**Work task**
Print the records below exactly as they appear. Omit all pictures.

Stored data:
_____

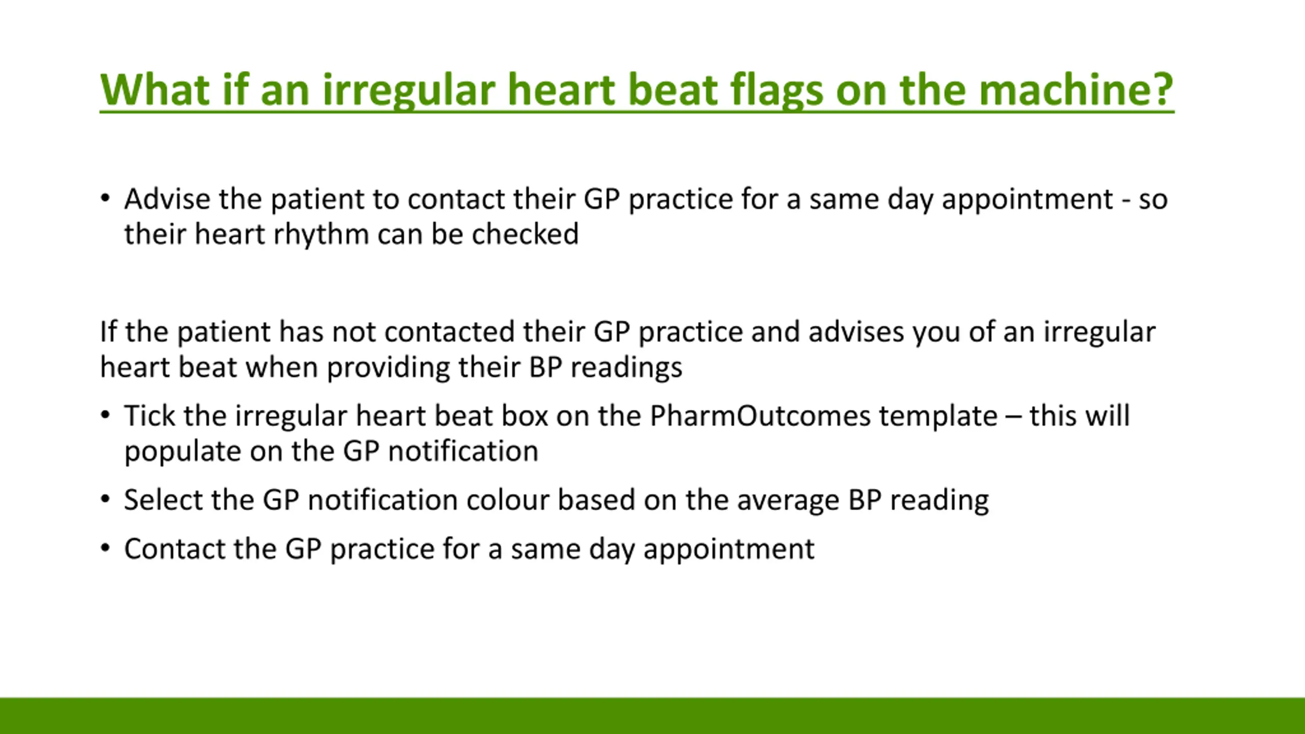 What if an irregular heart beat flags on the machine? Advise the patient to contact their GP practice for a same day appointment - so their heart rhythm can be checked If the patient has not contacted their GP practice and advises you of an irregular heart beat when providing their BP readings Tick the irregular heart beat box on the PharmOutcomes template this will populate on the GP notification Select the GP notification colour based on the average BP reading Contact the GP practice for a same day appointment
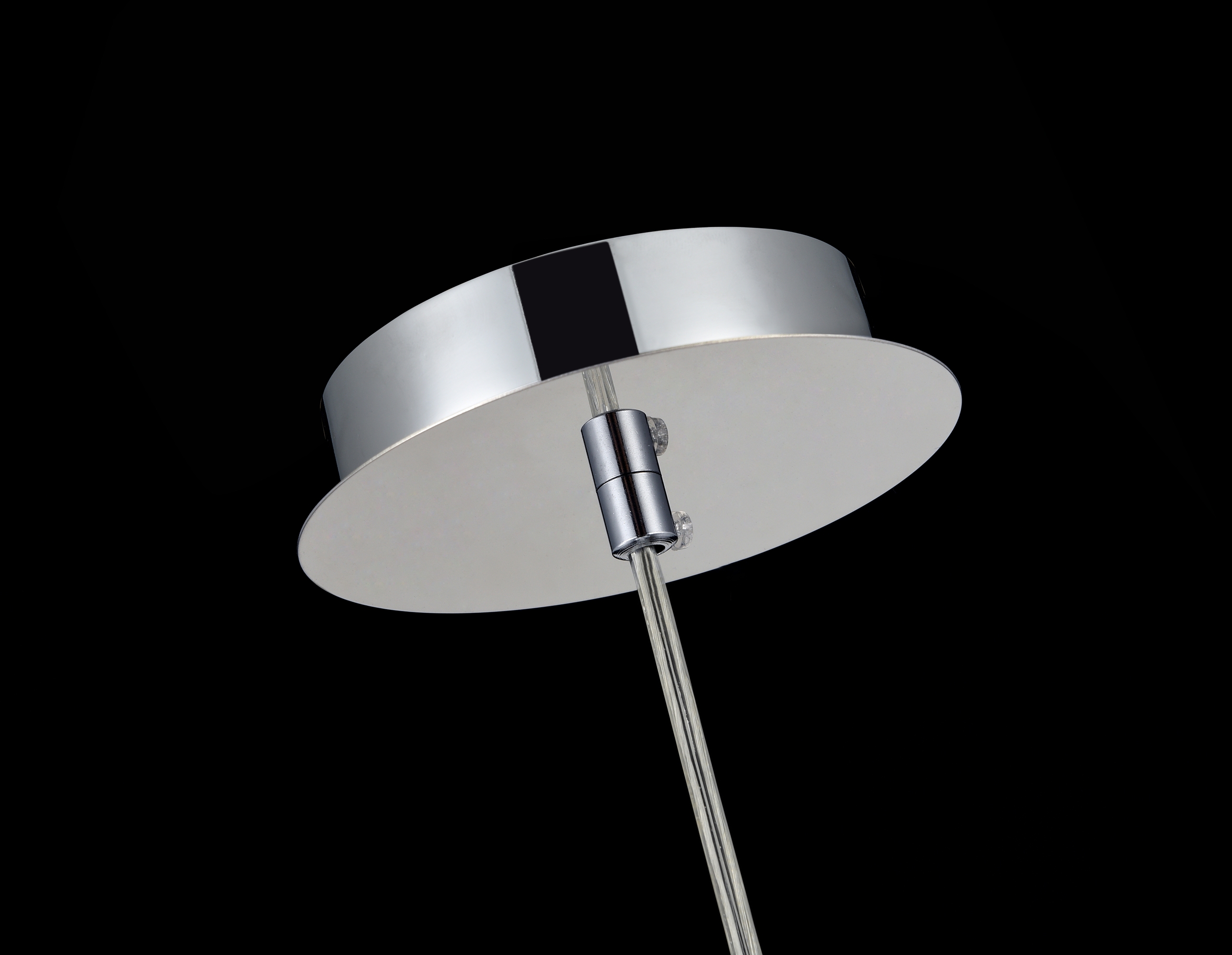 Арматура из металла в двух оттенках: никель и золото. Часть плафона выполнена из металла в тон арматуре, другая часть — из прозрачного стекла. Декоративные подвески внутри плафонов. Регулируемая высота.
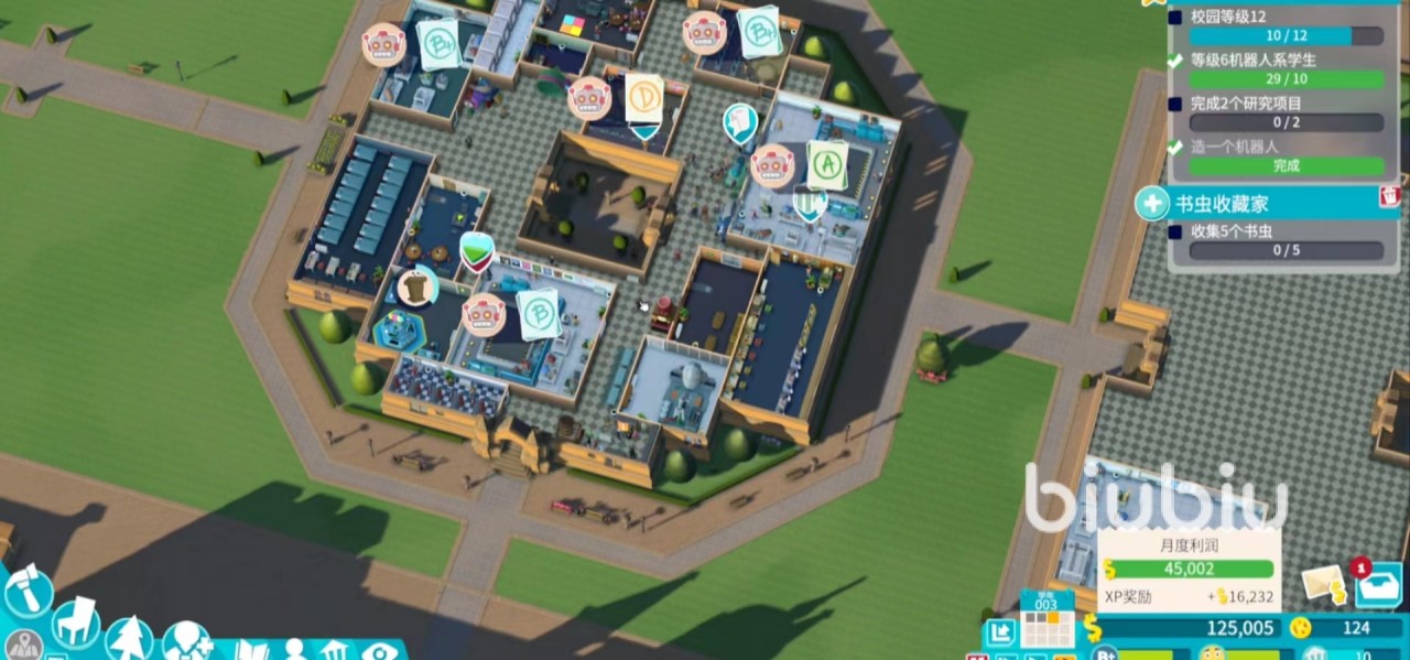 该章节玩家拥有350000的起始资金,米顿大学主打现代化的校园建设。开局玩家需要创建机器人的学科,同时建设机器人建设教室、阶梯教室和机器人老师。其中机器人建设教室的面积尽可能的大一点,后面需要在里面装很多设备。
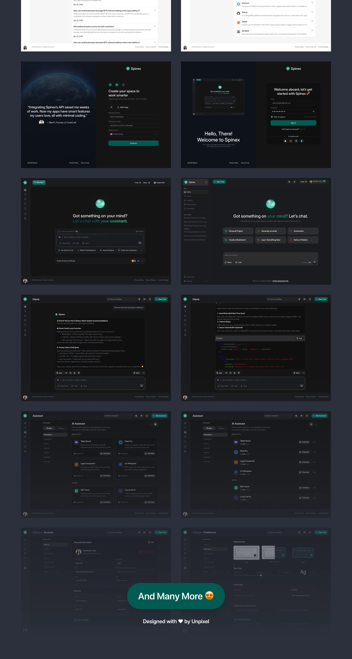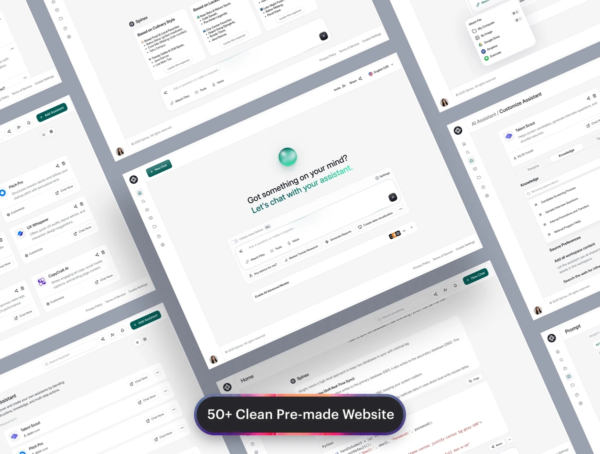 Spinex是一个AI仪表板UI套件,具有详细、高质量的界面,易于在Figma中使用。我们设计了50多个页面设计屏幕。一个高度详细的用户界面模板将帮助您为人工智能、聊天或相关项目设计任何类型的应用程序。这些屏幕也可用于其他产品设计。
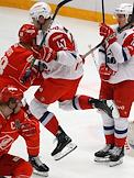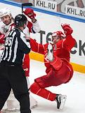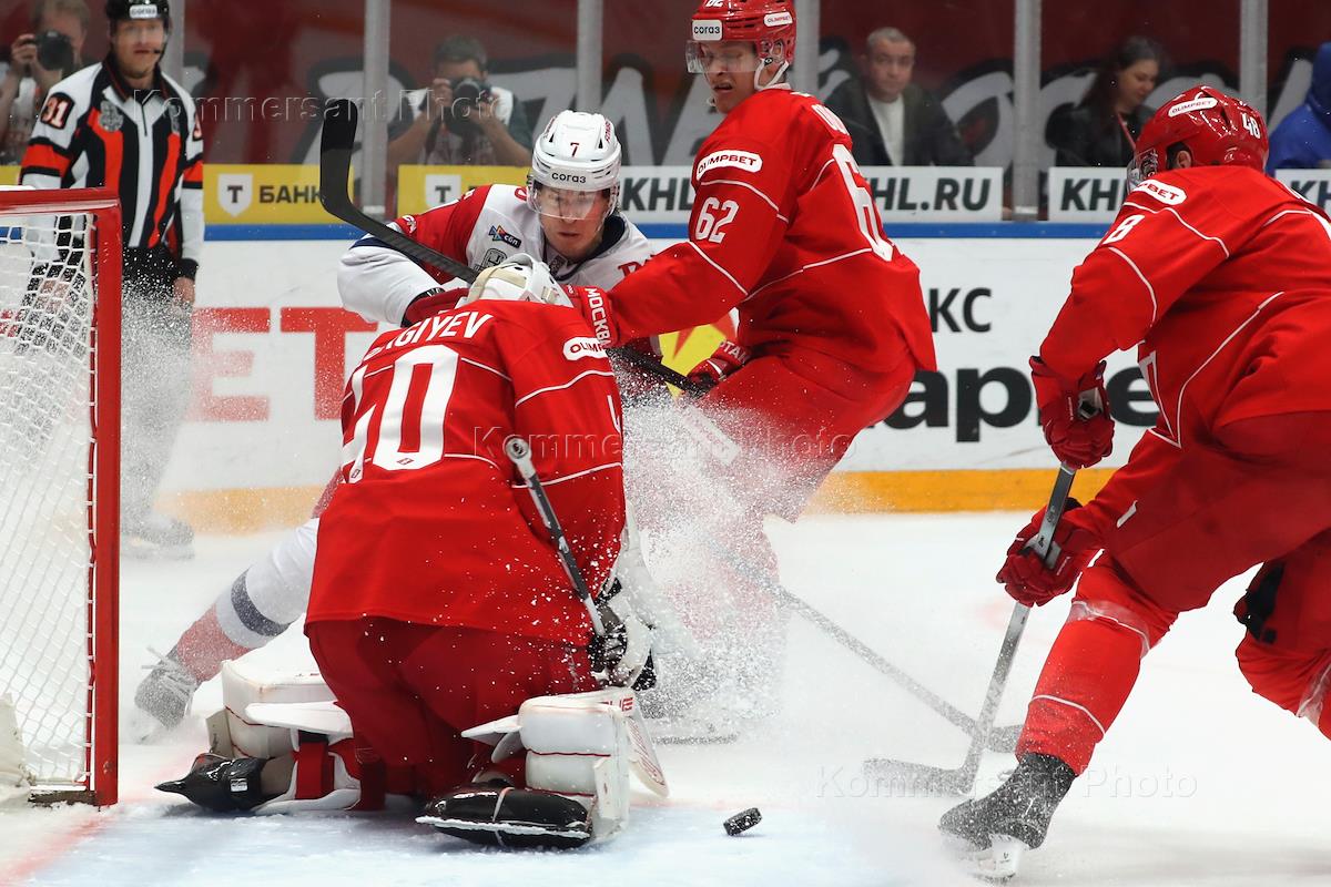 Континентальная Хоккейная Лига (КХЛ). Плей-офф 1/8 финала Кубка Гагарина. Матч между командами "Спартак" (Москва) - "Локомотив" (Ярославль) на стадионе "Мегаспорт".
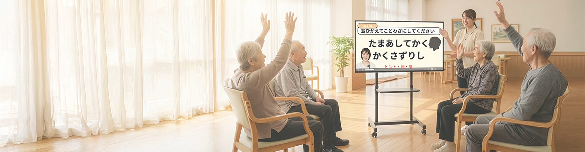 1,000以上の映像コンテンツで、利用者様の笑顔が増える。毎日のレクの準備・手間を劇的に減らします。

_____

**Response for this exercise**
 What if an irregular heart beat flags on the machine? Advise the patient to contact their GP practice for a same day appointment - so their heart rhythm can be checked If the patient has not contacted their GP practice and advises you of an irregular heart beat when providing their BP readings Tick the irregular heart beat box on the PharmOutcomes template this will populate on the GP notification Select the GP notification colour based on the average BP reading Contact the GP practice for a same day appointment
 Арматура из металла в двух оттенках: никель и золото. Часть плафона выполнена из металла в тон арматуре, другая часть — из прозрачного стекла. Декоративные подвески внутри плафонов. Регулируемая высота.
 该章节玩家拥有350000的起始资金,米顿大学主打现代化的校园建设。开局玩家需要创建机器人的学科,同时建设机器人建设教室、阶梯教室和机器人老师。其中机器人建设教室的面积尽可能的大一点,后面需要在里面装很多设备。
 Spinex是一个AI仪表板UI套件,具有详细、高质量的界面,易于在Figma中使用。我们设计了50多个页面设计屏幕。一个高度详细的用户界面模板将帮助您为人工智能、聊天或相关项目设计任何类型的应用程序。这些屏幕也可用于其他产品设计。
 Континентальная Хоккейная Лига (КХЛ). Плей-офф 1/8 финала Кубка Гагарина. Матч между командами "Спартак" (Москва) - "Локомотив" (Ярославль) на стадионе "Мегаспорт".
 1,000以上の映像コンテンツで、利用者様の笑顔が増える。毎日のレクの準備・手間を劇的に減らします。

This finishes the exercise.